BEIJING (dpa-AFX) - Asian stocks rose broadly on Wednesday as a softer-than-expected U.S. inflation print helped reduce concerns of a possible interest-rate hike by the Federal Reserve in the near term.
That said, overall gains were limited after the release of weak China GDP data and amid growing concerns that the United States and Iran may return to an all-out war.
After announcing a reversal of plan to charge a 20 percent toll on cargo passing through the Strait of Hormuz, U.S. President Donald Trump said he would authorize the bombing of Iran's energy infrastructure next week if Iran doesn't come to the table.
The dollar extended losses in Asian trade while gold prices slipped to $4,023 an ounce on concerns over rising oil prices amid escalating Middle East tensions.
Brent crude futures traded up nearly 2 percent above $86 a barrel, extending gains for a third consecutive session on fears of prolonged disruptions to energy supplies.
China's Shanghai Composite index dropped 0.29 percent to 3,955.58 after China's GDP growth came in at 4.3 percent in Q2, the weakest pace since late 2022 and missing market projections.
However, separate industrial output and retail sales released alongside GDP figures showed some signs of improvement in consumer activity in June.
Hong Kong's Hang Seng surged 1.40 percent to 24,681.10, with healthcare and biotech stocks leading the surge.
Japanese markets rose sharply to extend gains for a second consecutive session, driven by short covering in semiconductor-related stocks.
The Nikkei average surged 1.49 percent to 68,751.51 while the broader Topix index ended up 1.22 percent at 4,088.12.
Advantest rallied 5.8 percent and Tokyo Electron advanced 4.4 percent ahead of earnings reports from ASML and TSMC.
Seoul stocks rallied the most in nearly five weeks as semiconductor stocks rebounded from a recent sell-off. The Kospi index jumped 6.24 percent to 7,284.41.
Market bellwether Samsung Electronics climbed 6.3 percent after upbeat analyst views on the outlook for AI memory demand.
Leading AI memory chipmaker SK Hynix soared 8.8 percent and chip equipment maker Hanmi Semiconductor skyrocketed nearly 30 percent.
Australian markets eked out modest gains as a weaker dollar lifted base metals prices and drove a sharp rebound in mining stocks.
The benchmark S&P/ASX 200 rose 0.37 percent to 8,841.10 while the broader All Ordinaries index settled 0.37 percent higher at 9,034.60. BHP Group shares surged 3.2 percent while Rio Tinto added 1.1 percent.
Across the Tasman, New Zealand's benchmark S&P/NZX-50 index slipped 0.12 percent to 13,635.07, giving up early gains and extending losses for a third consecutive session.
U.S. stocks rose overnight as softer inflation data and blockbuster bank earnings offset a profit warning from IBM.
Bond yields dipped and the odds of a July rate hike crashed from 40 percent to 20 percent after data showed both headline and core inflation eased in June.
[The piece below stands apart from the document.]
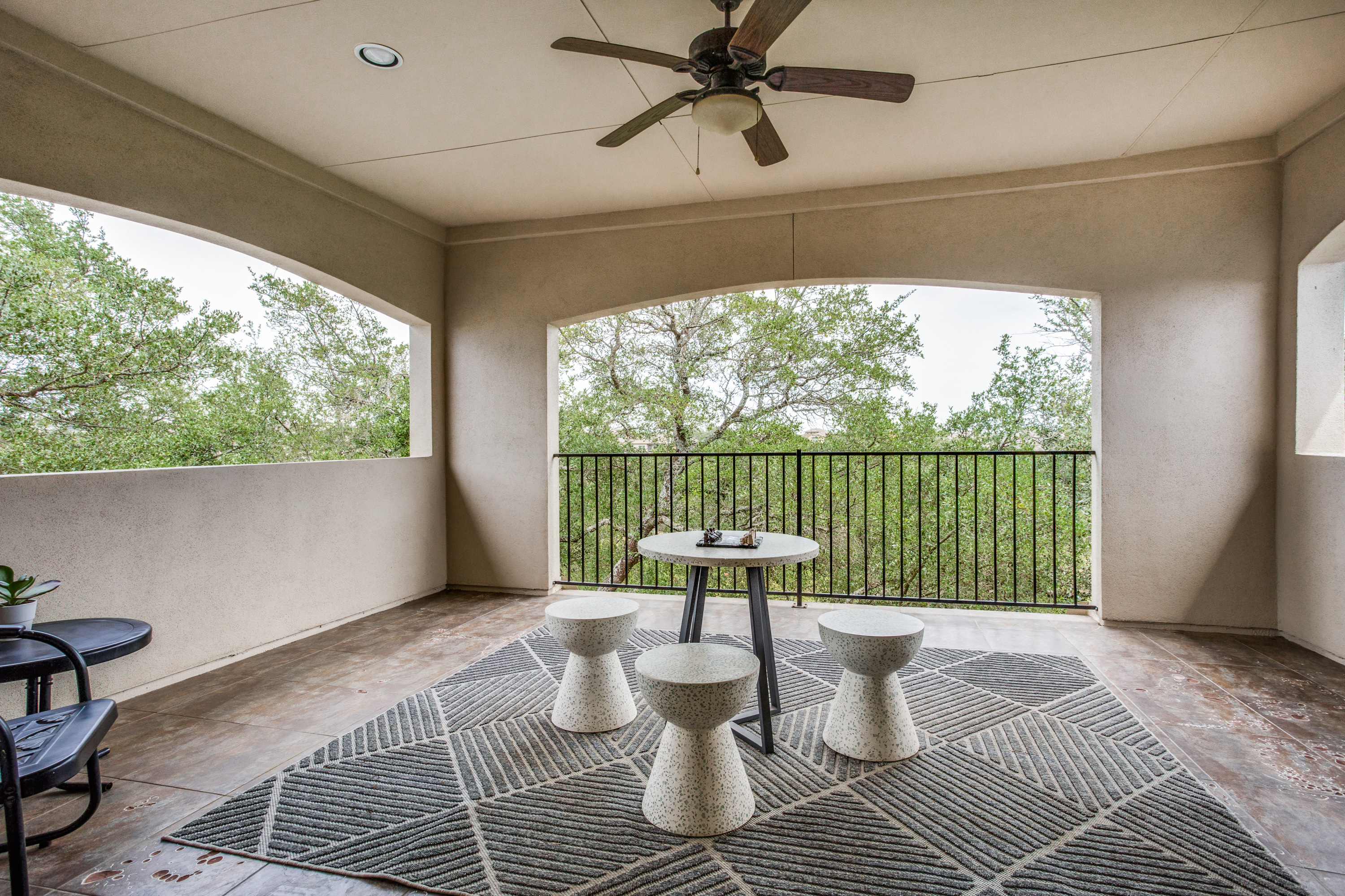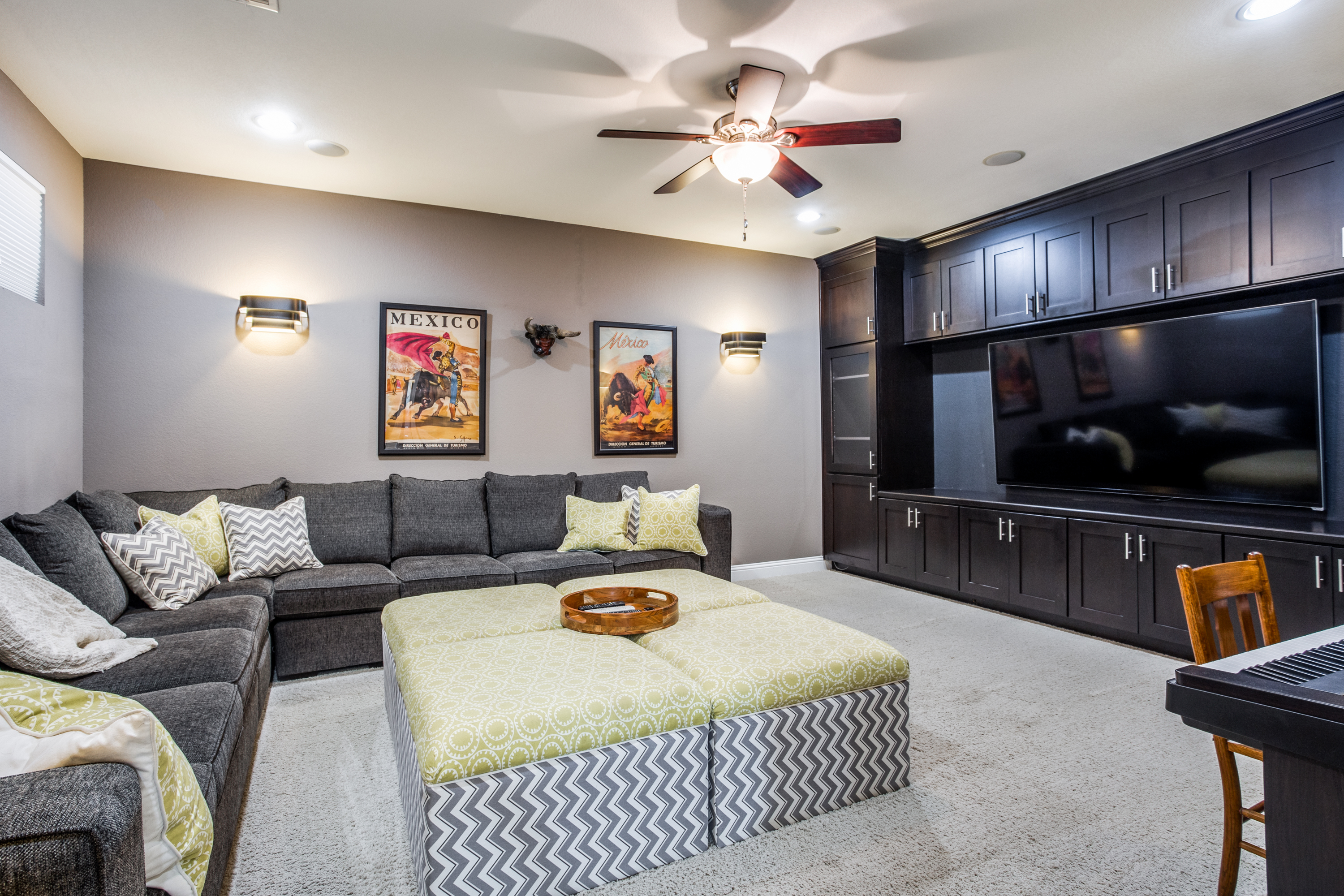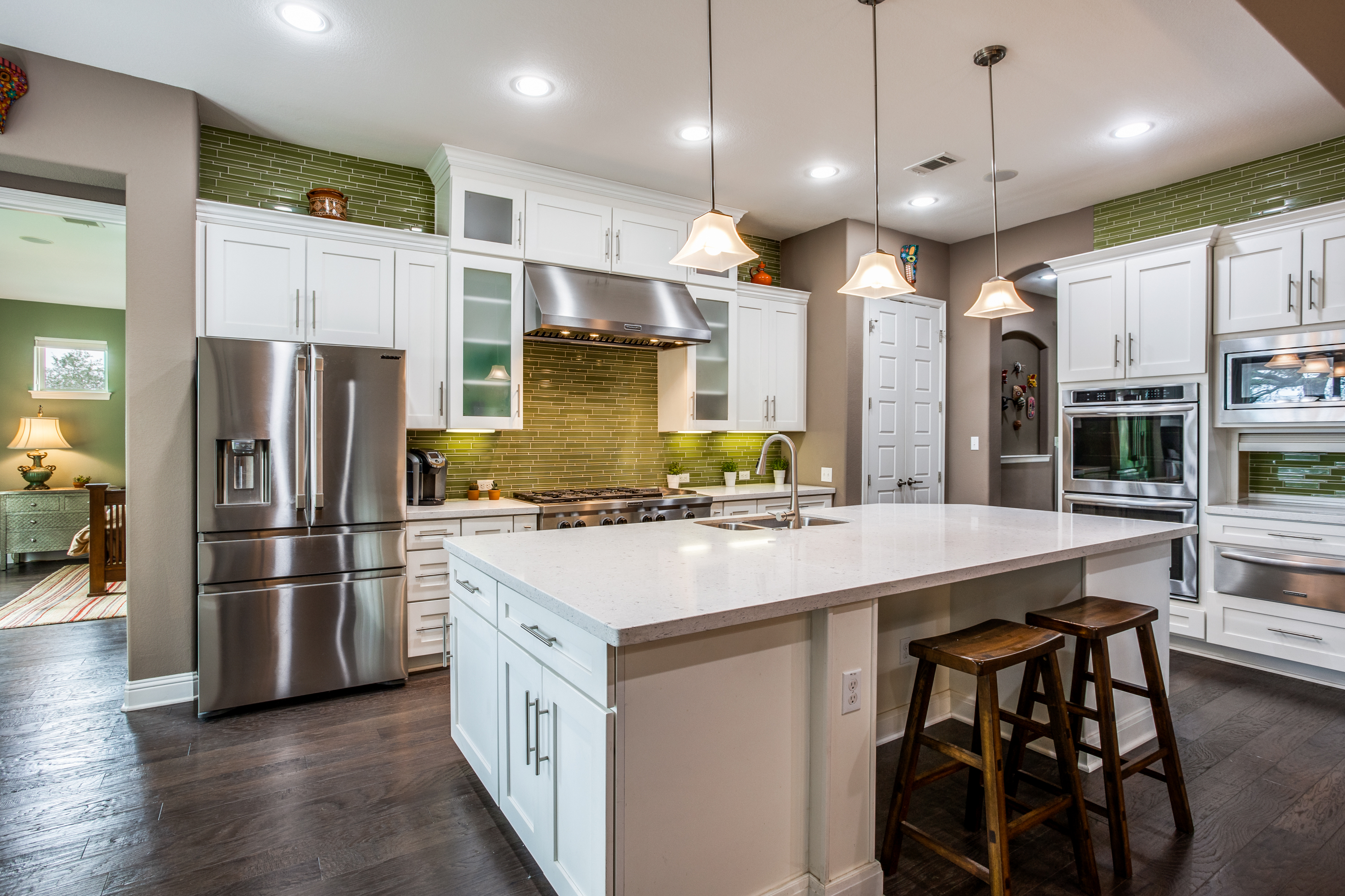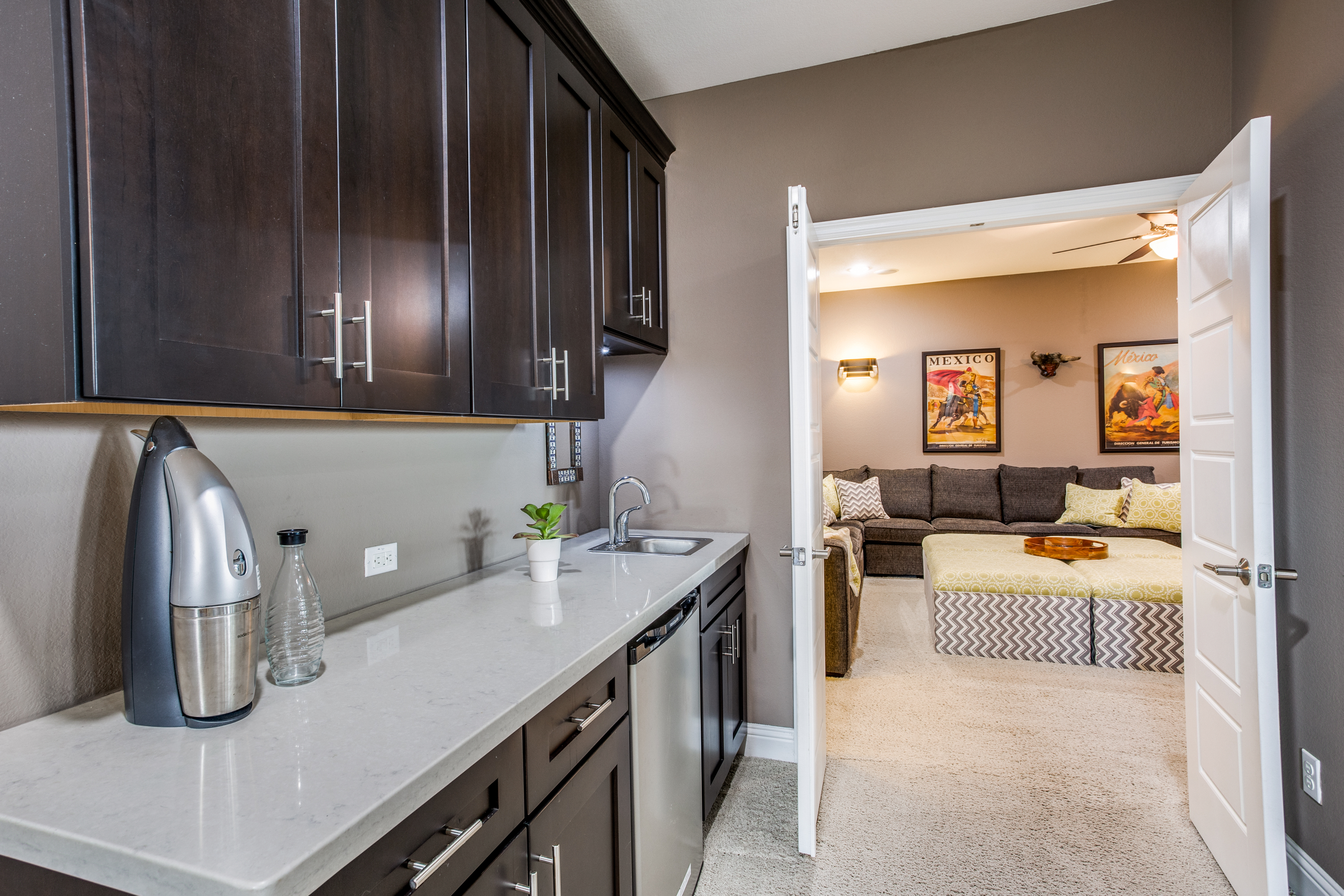 The main owners’ suite is complemented with a spa experience walk-in shower and soaking tub bathroom. The private additional owner suite has a walk-in shower and private access to an outdoor patio. Enjoy high-end designer details throughout the home with newly painted bright walls (06/22), crown molding, coffered ceilings, and hardwood floors. The main floor living room has access to the covered porch with a stone fireplace, an outdoor kitchen with a sink/fridge, and a built-in grill. The fully fenced backyard has a multi-tiered stone patio, surrounded by trees, providing hours of shade, an herb garden, and professional landscaping with exterior lighting. The spacious 2nd floor includes a 5th bedroom and 4th full bath, wet bar, and game room with a 2nd-floor outdoor balcony, and a media room accompanied by a large HDTV, surround sound system, and built-in cabinets.
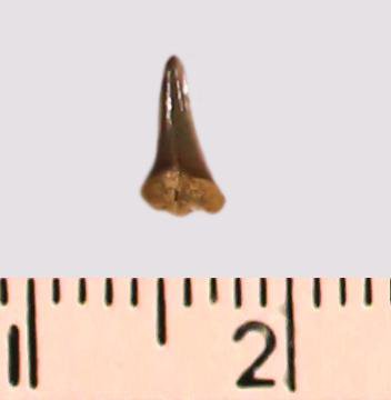 Зуб (фрагмент). Акула. Odontaspis striatula Dalinkevicius, 1935. Классификация: Хордовые Chordata, Позвоночные Vertebrata, Хрящевые рыбы Chondrichthyes, Пластиножаберные Elasmobranchii, Акулы Selachii, Ламнообразные Lamniformes

CPI inflation fell to 3.5 percent in June, coming in below estimates for a 3.8 percent jump and down from 4.2 percent in May, dragged down by the biggest decline in gasoline prices since 2022. Core inflation slowed to 2.6 percent from a seven-month high of 2.9 percent in May.
Meanwhile, crude oil prices pulled back from day's highs after President Trump backed away from his threat to charge a 20 percent toll on all cargo going through the Strait of Hormuz.
The President said he would instead chase 'trade and investment deals' with Persian Gulf nations after speaking to their leaders.
The tech-heavy Nasdaq Composite surged 0.9 percent, the S&P 500 gained 0.4 percent and the narrower Dow finished marginally higher.